All this may sound a bit dry-

It is.

-it is a bit dry, yes. But it’s also the thing that made it much easier to travel around Europe. It made the European aviation industry much more competitive, which is where the whole cheap flights thing came from.

In a speech last December, Andrew Haines, the boss of Britain’s Civil Aviation Authority said that, since 2000, the number of destinations served from UK airports has doubled; since 1993, fares have dropped by a third. Which is brilliant.

Brexit, though, means we’re probably going to have to pull out of these arrangements.

Stop talking Britain down.

Don’t tell me, tell Brexit secretary David Davis. To monitor and enforce all these international agreements, you need an international court system. That’s the European Court of Justice, which ministers have repeatedly made clear that we’re leaving.

So: last March, when Davis was asked by a select committee whether the open skies system would persist, he replied: “One would presume that would not apply to us” – although he promised he’d fight for a successor, which is very reassuring. 

We can always holiday elsewhere. 

Perhaps you can – O’Leary also claimed (I’m still not making this up) that a senior Brexit minister had told him that lost European airline traffic could be made up for through a bilateral agreement with Pakistan. Which seems a bit optimistic to me, but what do I know.

Intercontinental flights are still likely to be more difficult, though. Since 2007, flights between Europe and the US have operated under a separate open skies agreement, and leaving the EU means we’re we’re about to fall out of that, too.  

Surely we’ll just revert to whatever rules there were before.

Apparently not. Airlines for America – a trade body for... well, you can probably guess that, too – has pointed out that, if we do, there are no historic rules to fall back on: there’s no aviation equivalent of the WTO.

The claim that flights are going to just stop is definitely a worst case scenario: in practice, we can probably negotiate a bunch of new agreements.

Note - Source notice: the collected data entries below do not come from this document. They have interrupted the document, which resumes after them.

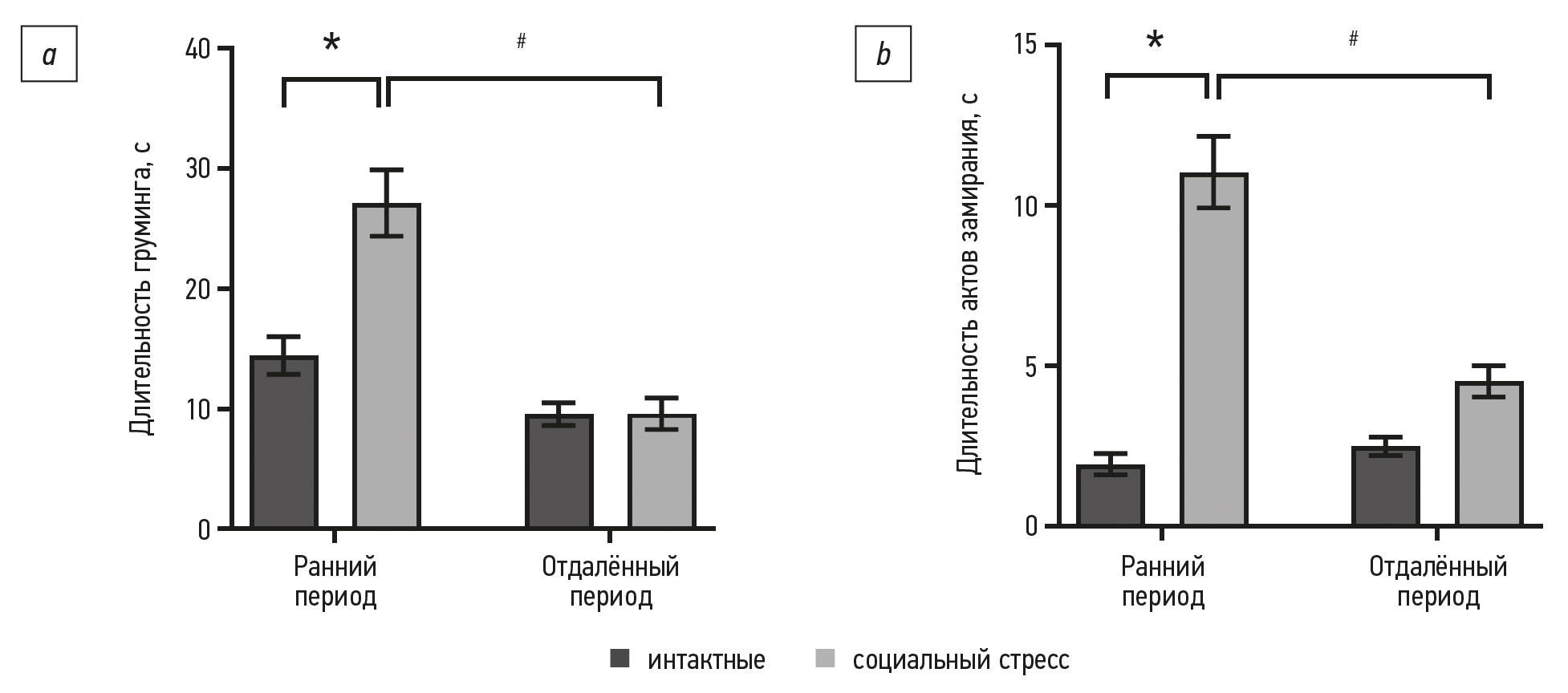 Рис. 4. Суммарная длительность актов груминга (а) и актов замирания (b) в тесте «Открытое поле» мышей линии C57Bl/6 после моделирования хронического социального стресса в инфантильном возрасте; * статистически значимое отличие от значений интактной группы (p <0,0001); # статистически значимое различие между значениями группы социального стресса в раннем и отдалённом периодах (p <0,0001).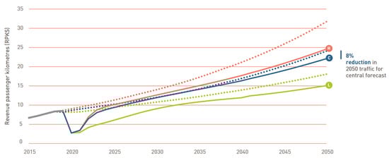 Air Transport Action Group’s pre- (dotted) and post-Covid (solid) predictions for revenue passenger kilometers until 2050, for high (H in red), central (C in blue), and low (L in green) traffic forecasts. Adapted from [17].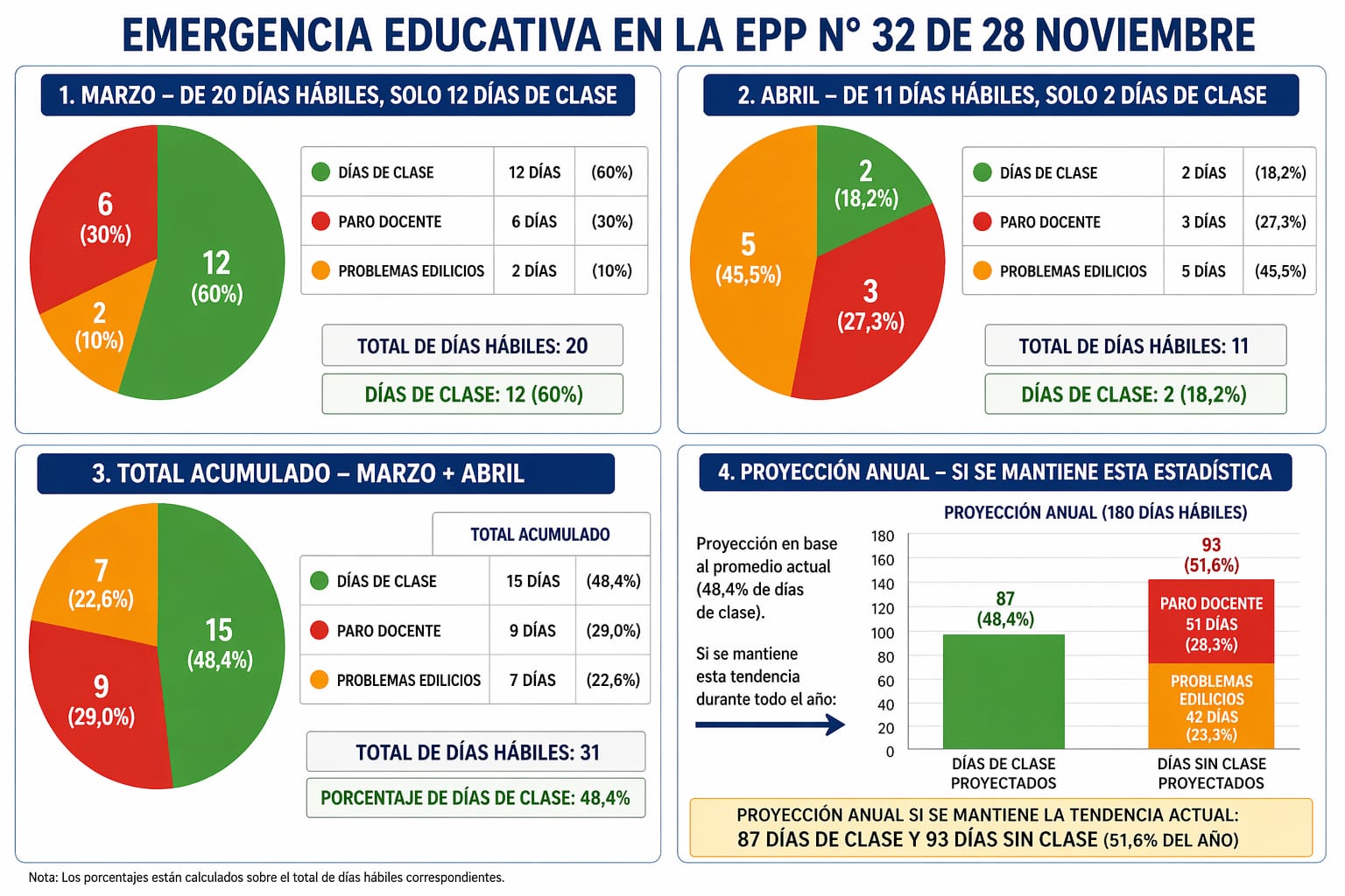 La situación se agrava en abril, donde sobre 11 días hábiles contabilizados hasta el momento del informe, se registraron 3 días de paro y 6 jornadas con problemas edilicios, dejando apenas 2 días efectivos de clases.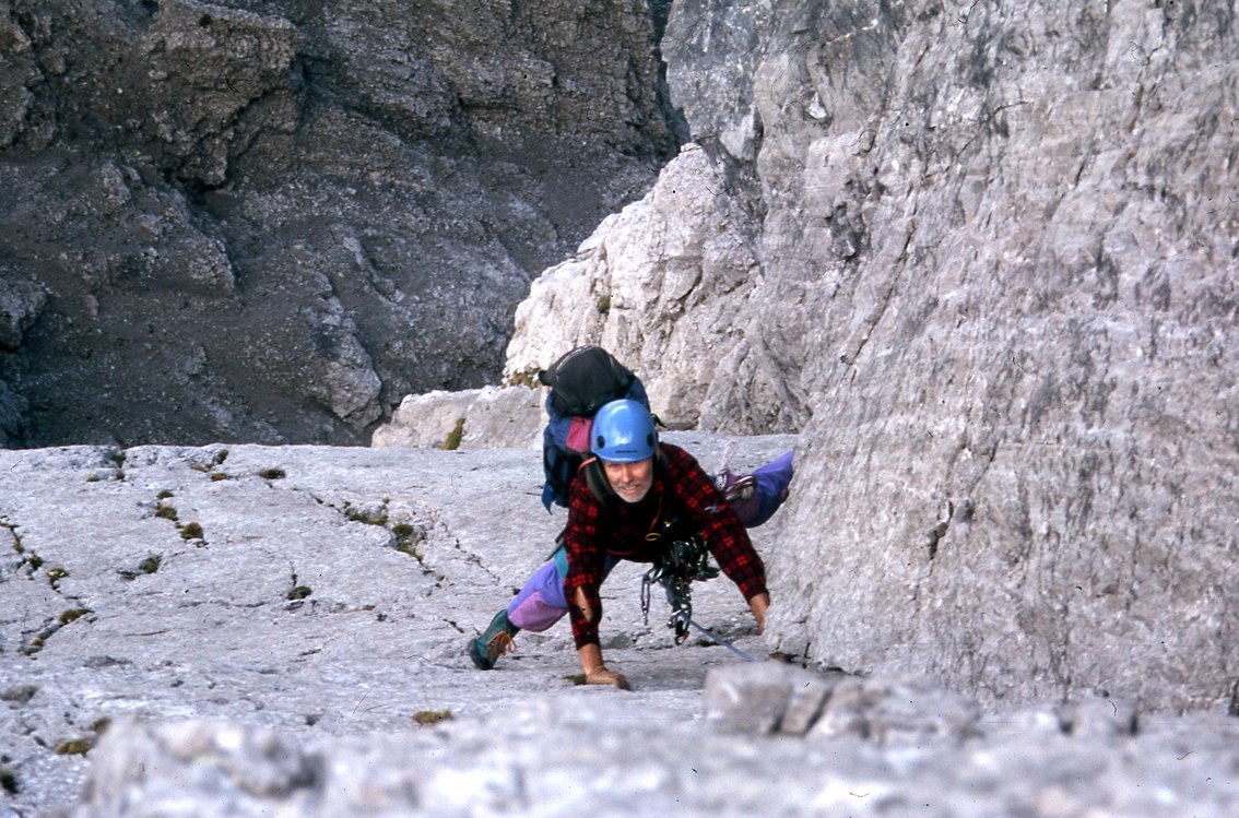 Von dem Schluchtblock wäre Fluchtmöglichkeit: Rechts haltend in der großen Rinne 3 Sl im 3. Grad zum großen Pateraband, dieses links haltend bis zum markierten Hochstadelweg (Orientierungssinn von Vorteil) verfolgen.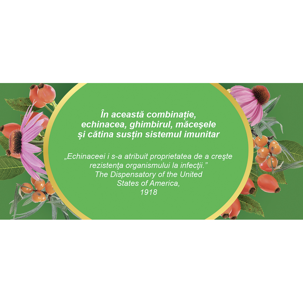 În această combinație, echinacea, ghimbirul, măceșele și cătina contribuie la susținerea sistemului imunitar.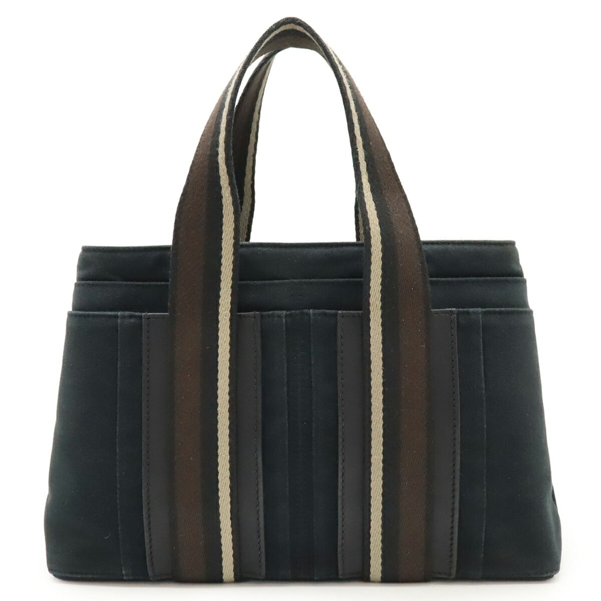 Hermes Beige Black Brown Canvas Leather Handbag Tote Bag (Pre-Owned)
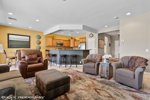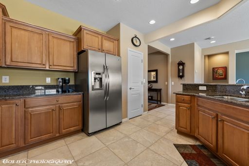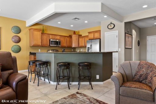 From the moment you step inside, you’re greeted by warm upscale finishes, and an inviting open layout designed for both relaxation and stylish entertaining. The gourmet kitchen showcases rich wood cabinetry, granite countertops, stainless steel appliances, and a spacious breakfast bar. The adjacent dining and living spaces feature elegant furnishings, abundant natural light, and views that frame the serene desert landscape.
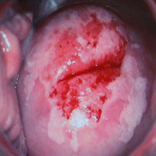 Лейкоплакия – ороговевшая бляшка на поверхности шейки матки. Нередко возникает после перенесенного воспалительного процесса и требует проведения биопсии, кольпоскопии и гистологии, для подтверждения диагноза, и обязательного лечения.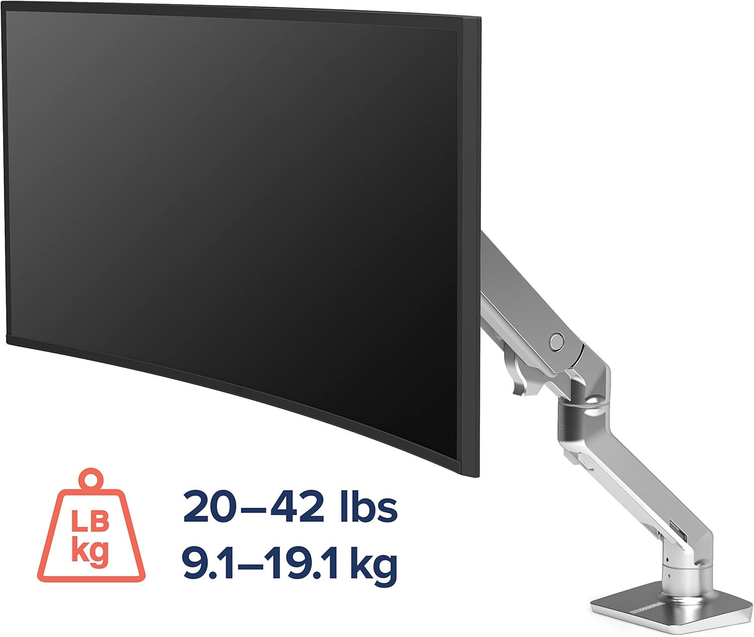 Ergotron – HX Premium Heavy Duty Monitor Arm, Single Monitor VESA Desk Mount – for Flat or Slight Curved Ultrawide Monitors Up to 49 inches, 20 to 42 lbs – Standard Pivot, Polished Aluminum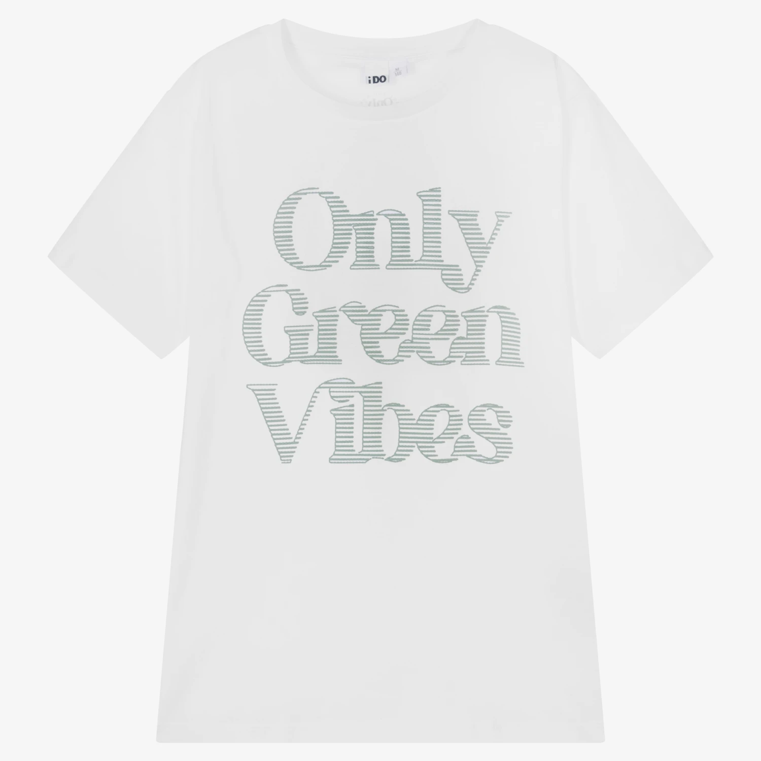 White T-shirt for boys and girls by iDO Junior, made in soft and stretchy cotton jersey. Cool and comfortable, with a classic crew neck, it has a green rubberised ‘Only Green Vibes’ slogan on the front.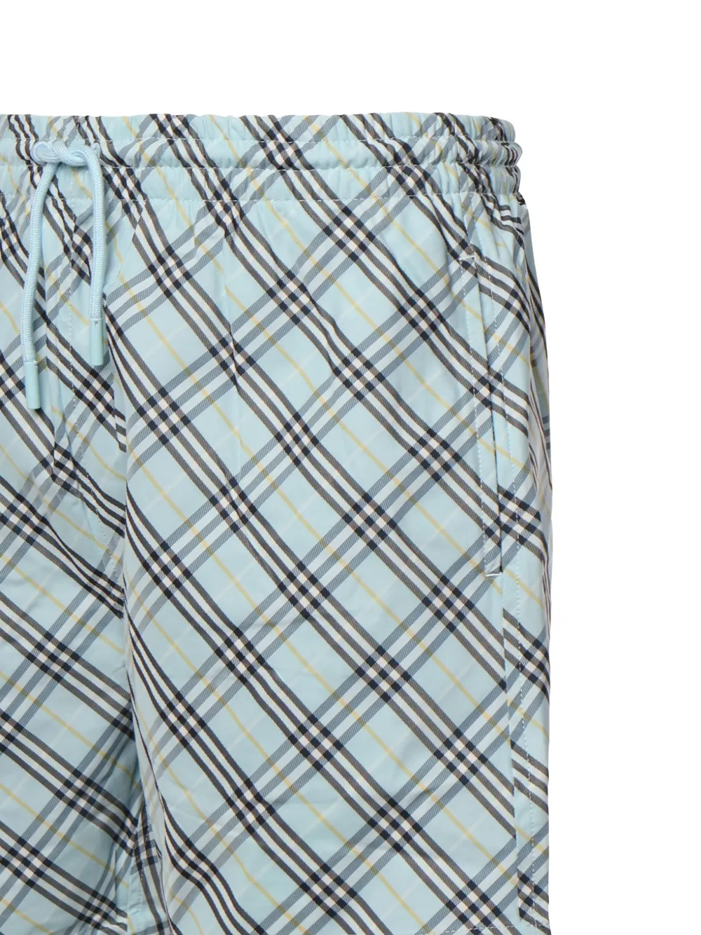 blauw geruit patroon trekkoordtaille zijzakken achterzak Zwemkleding moet over je eigen kleding worden aangepast.

But we’re already negotiating a lot of other things, and we’re on a deadline, so we’re tight for time.

In fact, we’re really tight for time. Airlines for America has also argued that – because so many tickets are sold a year or more in advance – airlines really need a new deal in place by March 2018, if they’re to have faith they can keep flying. So it’s asking for aviation to be prioritised in negotiations.

The only problem is, we can’t negotiate anything else until the EU decides we’ve made enough progress on the divorce bill and the rights of EU nationals. And the clock’s ticking.

This is just remoaning. Brexit will set us free.

A little bit, maybe. CAA’s Haines has also said he believes “talk of significant retrenchment is very much over-stated, and Brexit offers potential opportunities in other areas”. Falling out of Europe means falling out of European ownership rules, so itcould bring foreign capital into the UK aviation industry (assuming anyone still wants to invest, of course). It would also mean more flexibility on “slot rules”, by which airports have to hand out landing times, and which are I gather a source of some contention at the moment.

But Haines also pointed out that the UK has been one of the most influential contributors to European aviation regulations: leaving the European system will mean we lose that influence. And let’s not forget that it was European law that gave passengers the right to redress when things go wrong: if you’ve ever had a refund after long delays, you’ve got the EU to thank.

So: the planes may not stop flying. But the UK will have less influence over the future of aviation; passengers might have fewer consumer rights; and while it’s not clear that Brexit will mean vastly fewer flights, it’s hard to see how it will mean more, so between that and the slide in sterling, prices are likely to rise, too.

It’s not that Brexit is inevitably going to mean disaster. It’s just that it’ll take a lot of effort for very little obvious reward. Which is becoming something of a theme.

Still, we’ll be free of those bureaucrats at the ECJ, won’t be?

This’ll be a great comfort when we’re all holidaying in Grimsby.